Rollen ist leicher als Tragen
„Rollen ist leichter als Tragen“: Lachend läutet Björn Thomann die Glocke an einem alten Feuerwehrwagen und lässt Worten Taten folgen: Gemeinsam mit seinem Kollegen Tobias Heitsch schiebt der stellvertretende Museumsleiter die altehrwürdige Handdruckspritze in die noch recht kahle Sonderausstellungshalle des Museumsdorfes. Wobei das Feuerwehrgefährt eigentlich nicht viel anders aussieht als eine rot angestrichene Pferdekutsche. Allerdings sind links Schläuche zum Zusammenstecken und rechts lange Stangen als Griffe für die Handdruckpumpe angebracht, die ebenso wie die Messingglocke Zeugnisse aus der Anfangszeit der Freiwilligen Feuerwehr in der Lüneburger Heide sind.
Das Gefährt wurde von W. Holtzdendorf in Uelzen gebaut und stammt aus dem Jahr 1902. Bereits rund 100 Jahre später war es museumsreif. Zuletzt von der Freiwilligen Feuerwehr Wrestedt genutzt, wurde die Handdruckspritze vor einigen Jahren an das Museumsdorf Hösseringen übergeben. Normalerweise hat sie ihren Platz im Außenlager für Großmaschinen, doch dieses darf sie für die kommenden Monate verlassen und wird Besucherinnen und Besuchern im Rahmen der Sonderausstellung „Rollen ist leichter als Tragen. Fahrzeuggeschichten aus der Lüneburger Heide“ präsentiert. „Das Thema unserer Ausstellung ist ‚Mobilität auf dem Lande‘“, so Björn Thomann. Gezeigt werden Fahrzeuge, die entweder lokalhistorische Themen repräsentieren oder eine regionalspezifische Geschichte besitzen. Anhand mehrerer Themenblöcke werden unterschiedliche Aspekte aufgegriffen, so anhand eines Schäferkarrens aus dem Landkreis Celle beispielsweise das Thema Schafhaltung und Schäfer. „Schafe und Schnuckenherden prägen das Bild der Lüneburger Heide bis in die Gegenwart“, erläutert der Historiker. „Das Leben des Heideschäfers war allerdings bei weitem nicht so romantisch, wie es in der Literatur oft dargestellt wird.“ Der aus einem Häuschen auf Rädern mit Deichsel bestehende und früher wohl von einem Esel gezogene Karren gehörte dem Landwirt Ernst aus Jeversen. Er enthält eine Schlafstatt und einen Tisch, an der Wand hängen Schäferstab und ein Gewehr. Mit diesem Karren und seinen Tieren zog der Schäfer den gesamten Sommer lang über Land – ein schlichtes, aber vielleicht auch freies Leben.

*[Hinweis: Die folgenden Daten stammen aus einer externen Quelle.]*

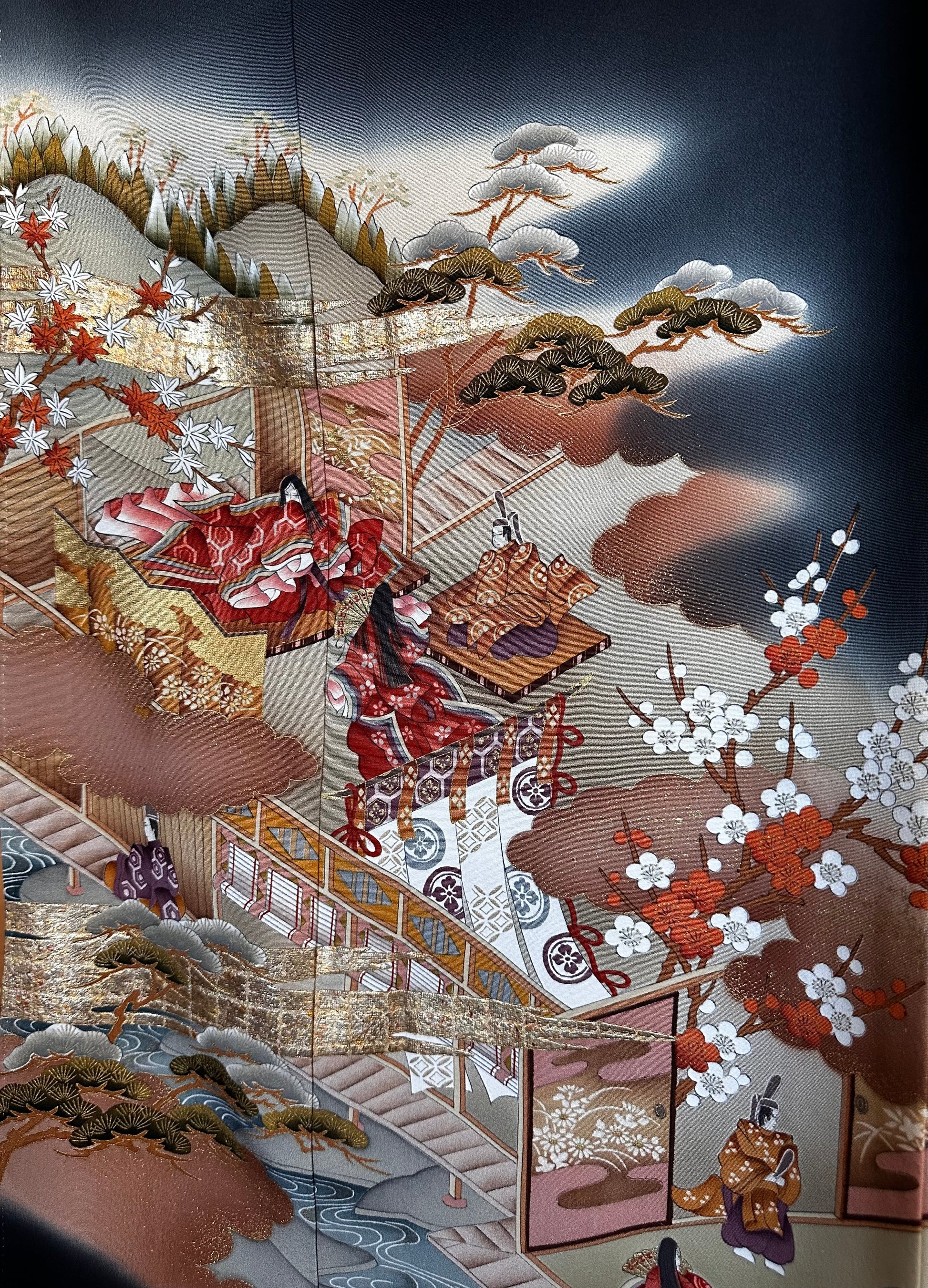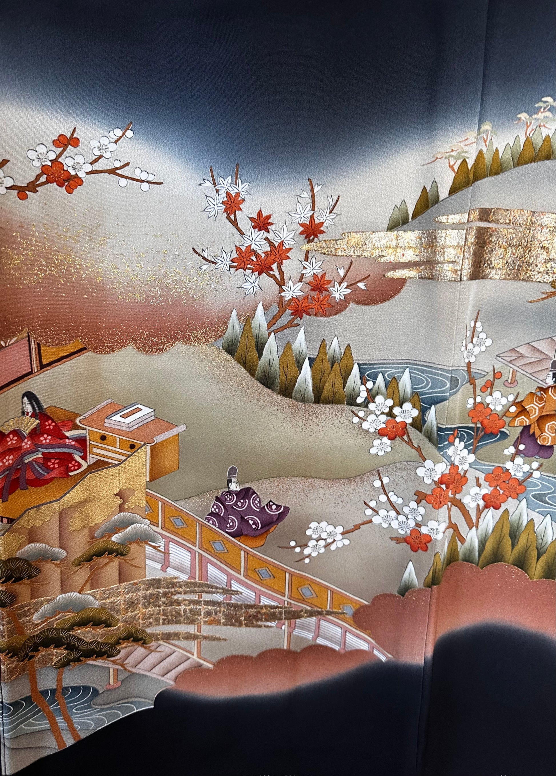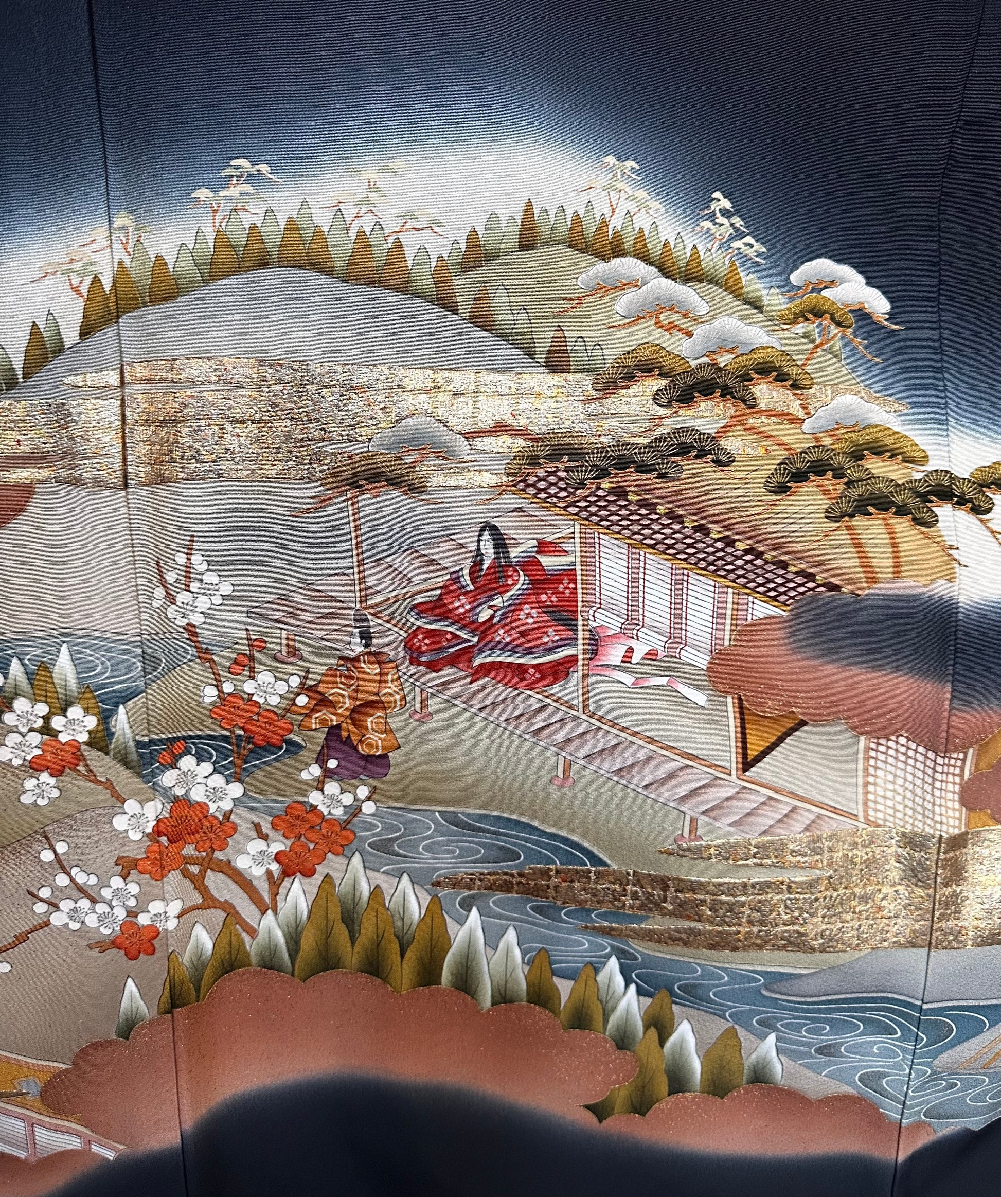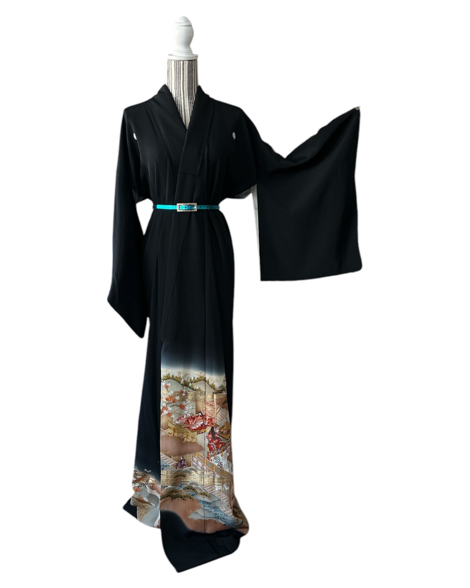 Description: This refined kurotomesode kimono captures a stunning and intricate vision of courtly life in historical Japan, masterfully painted along the entire lower half. The scene features elegant noblewomen and dignified gentlemen dressed in traditional attire, gathered in and around a classic shogunate-style residence with open tatami rooms and wooden verandas. Surrounding them flows a serene river, with flourishing seasonal landscapes including towering matsu (pine trees), vibrant momiji (maple leaves), and the soft bloom of ume (plum blossoms). A majestic mountain backdrop and blooming gardens lend the entire composition a sense of poetic serenity and timeless grace.
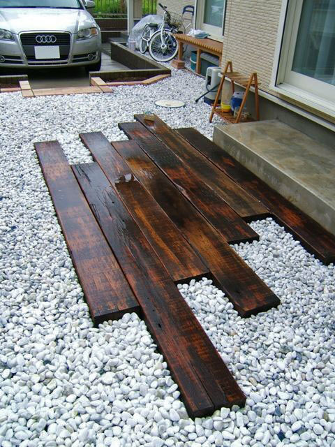 草取りをしなくて良いように、白い砂利を敷きつめて欲しいとのことでした。デザイン上、居間の前に、枕木をアクセントになるよう敷き並べました。その色の対比が際立っています。 | 千葉県 成田市 2013 |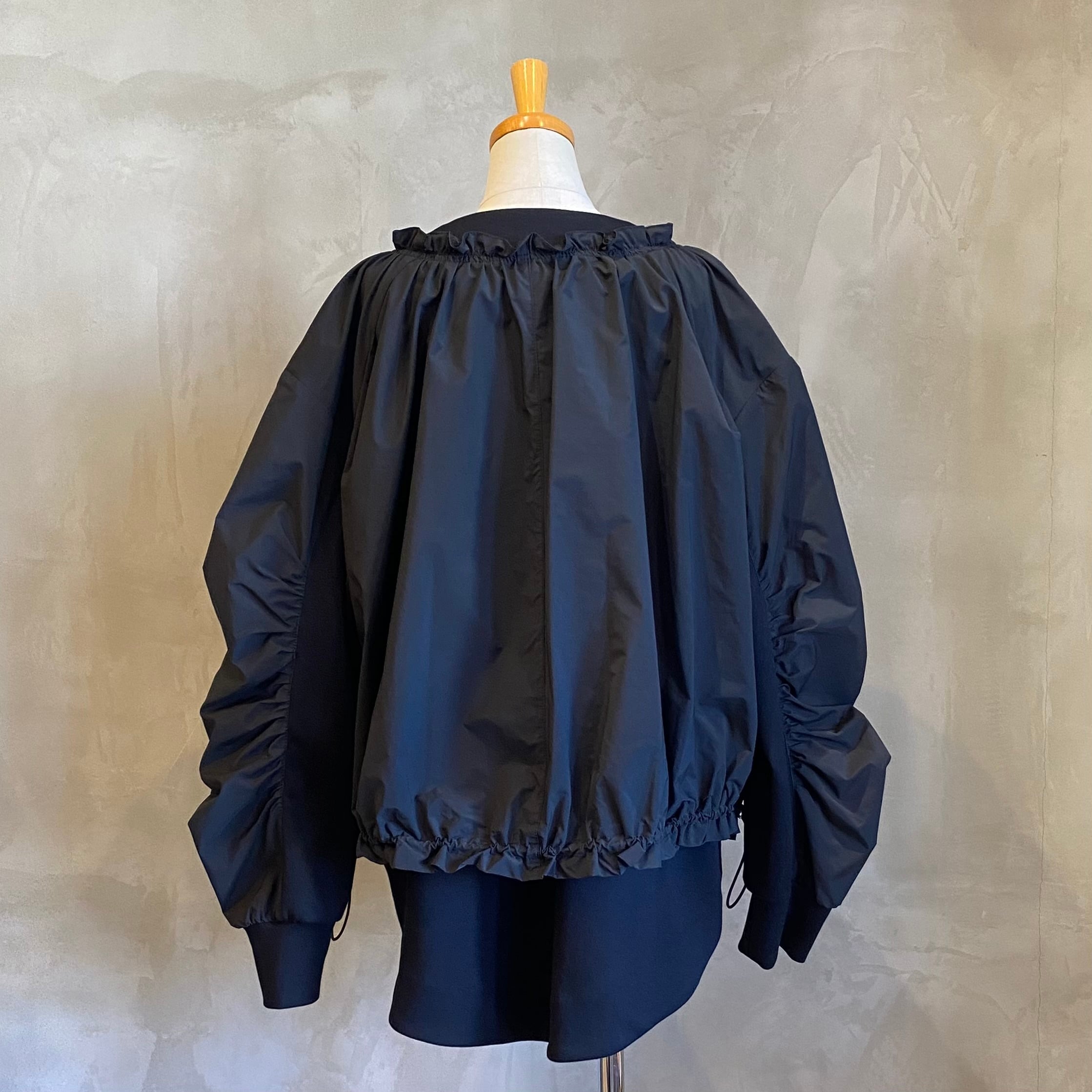 フリルカラーや袖のギャザーが可愛いポイント。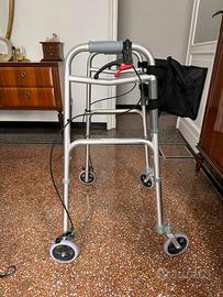 Deambulatore Ultraleggero Pieghevole con Freni di Sicurezza e Ruote da 18 cm, completo di borsa frontale porta oggetti Usato poco, come nuovo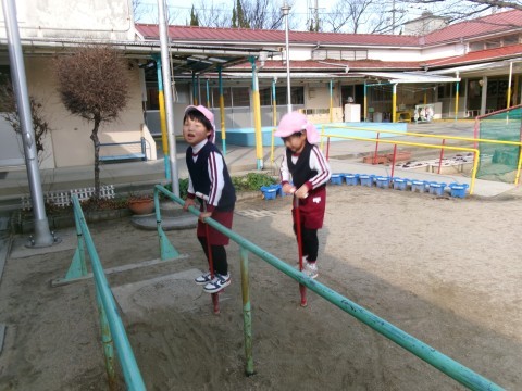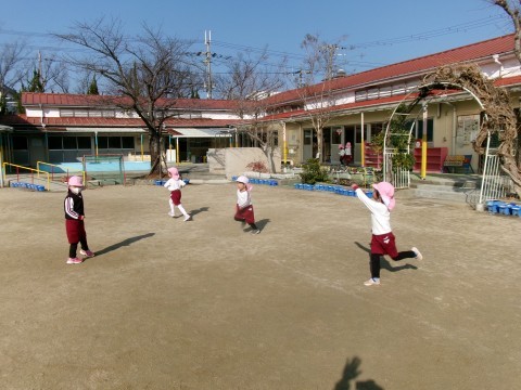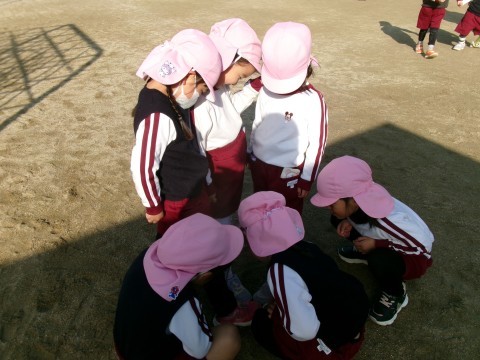園庭での自発活動では,ホッピングやフラフープ,氷鬼などいろいろな遊びを楽しんでいます。フープをしている子どもたちは,回すだけでなく飛ぶことにもチャレンジしていました😊寒さに負けず,たくさん体を動かして遊んでいますよ😊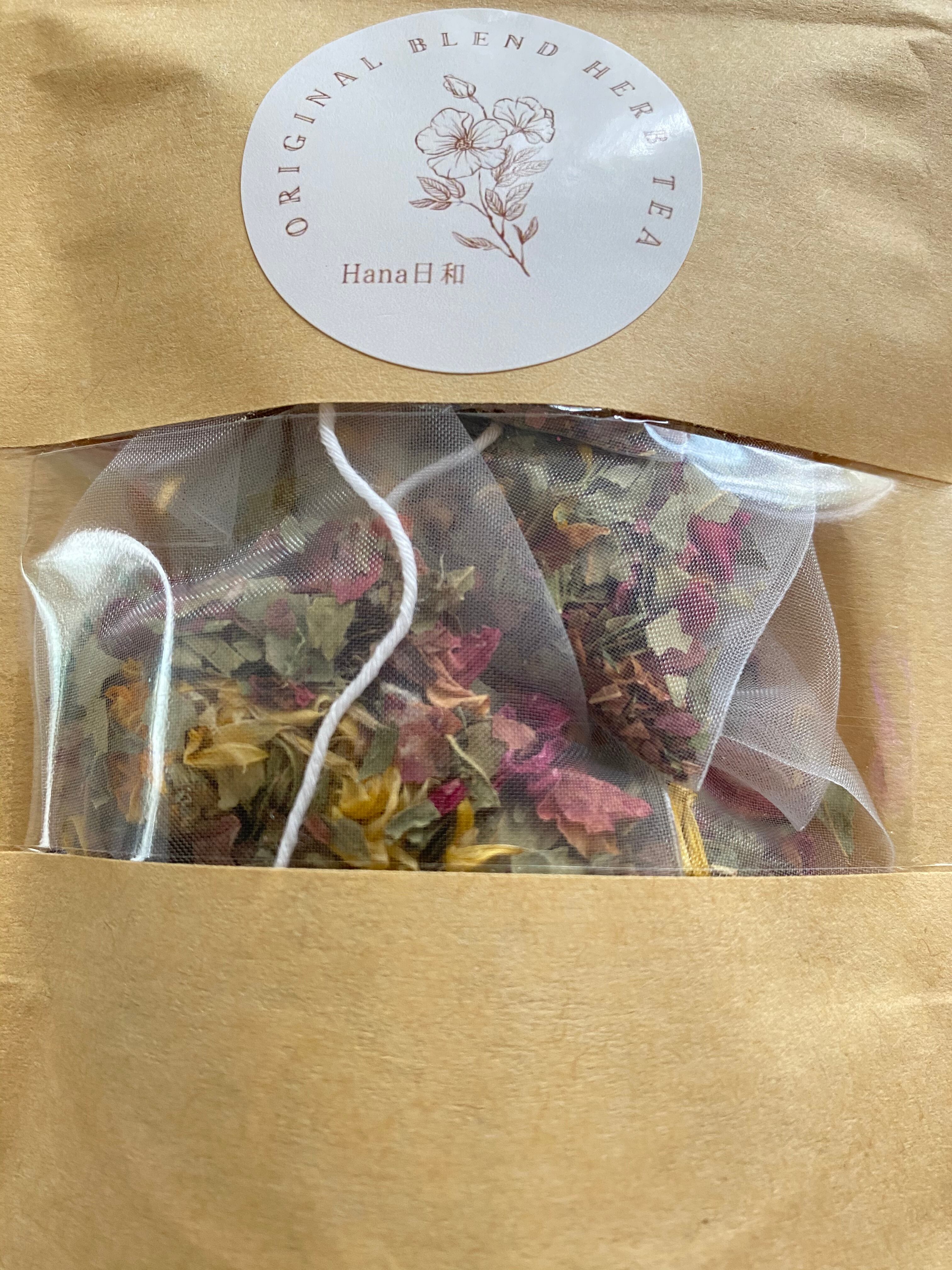 ・ハーブティーは甘い味わいのホルモンバランスを整える女性に人気の高いマリーゴールドとバラが入った色合い可愛いブレンドティー。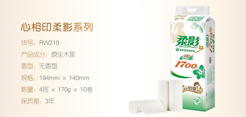 RW210心相印柔影170グラム10粒/提装四層無芯トイレットペーパー母子家庭用ロール紙トイレットペーパー
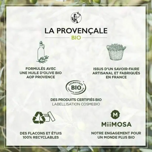 Soin fabriqué en France, Formulé avec 99% d’ingrédients d’origine naturelle certifiés Bio par Ecocert, Parfum délicat composé à Grasse, Voyage olfactif au cœur de la Provence, Flacon 100% Recyclable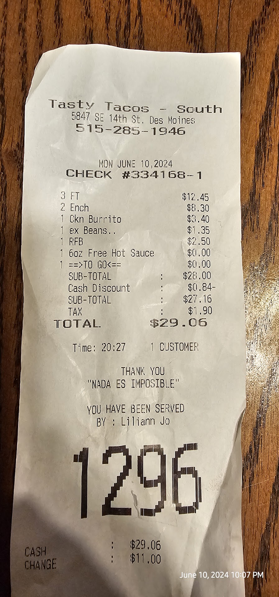 Read moreOrder #1230 Friday 9/5/25 SE 14th 4:58,ordered $45 food take out for 3 as my wife's office downtown orders from another location 14th/Grand,not the location on SE14th. After getting home noticed tacos had 1 table spoon of meat not even covering base of taco shell and a pinch of cheese and a pinch of lettuce mostly eating a doughy taco. Calling manager to address she informed us this is what the owners informed her of how much food to put inside taco. Was informed by wife that E14th /Grand location tacos are filled with much more meat,cheese,lettuce. Avoid this location as you will not get your money's worth. Only guessing Tasty Taco SE 14th is experiencing a higher Trump Tariff than the location E14th/Grand being a different franchise owner 3 miles away. Drive the 3 miles get your money worth,for $45 feeding 3 still hungry and...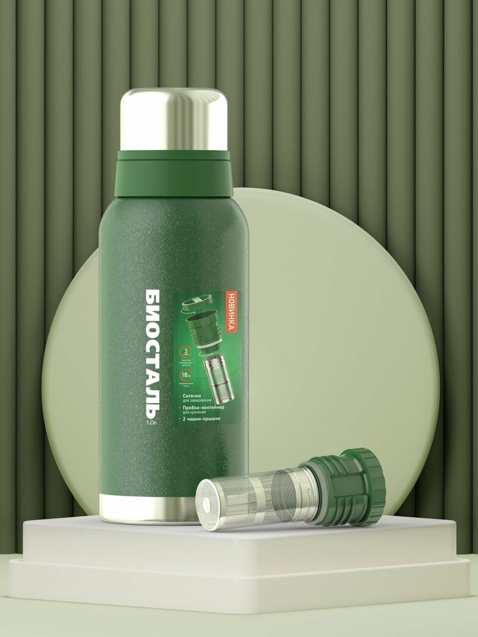 Термос Биосталь 1 литр вакуумный с узкой горловиной, пробка-контейнер с ситечком, Biostal 1000 мл интересное:

Ein Schlaglicht auf den Alltag der Torfabbauer in der Lüneburger Heide wirft eine alte Lore aus Lüder im Landkreis Uelzen. Sie gehörte zum Torfwerk im Schweimker Moor, das noch bis 1990 in Betrieb gewesen ist. Nach der Stilllegung war sie vor Ort verblieben und ist im vorigen Jahr vom Museumsdorf übernommen worden – ein besonderes Exponat, denn die Lore ist von den Torfarbeitern zum mobilen Toilettenhäuschen umfunktioniert worden. Sie wird erstmals öffentlich gezeigt.
Für die Mechanisierung in der Landwirtschaft steht der Hanomag R 40, Baujahr 1946. Er stammt vom Gut Nienbüttel im Landkreis Uelzen und ist nach dem Ende des Zweiten Weltkrieges auf Druck der britischen Besatzungsbehörde angeschafft worden – ein Zeugnis für die rasante Entwicklung landwirtschaftlicher Maschinen und Geräte seit dieser Zeit.
In der neuen Sonderausstellung werden zudem Themen wie „Flucht und Vertreibung“ oder auch „Mensch und Vieh“ aufgegriffen. Die Ausstellung wird am 29. Mai eröffnet und bis Oktober 2022 zu sehen sein.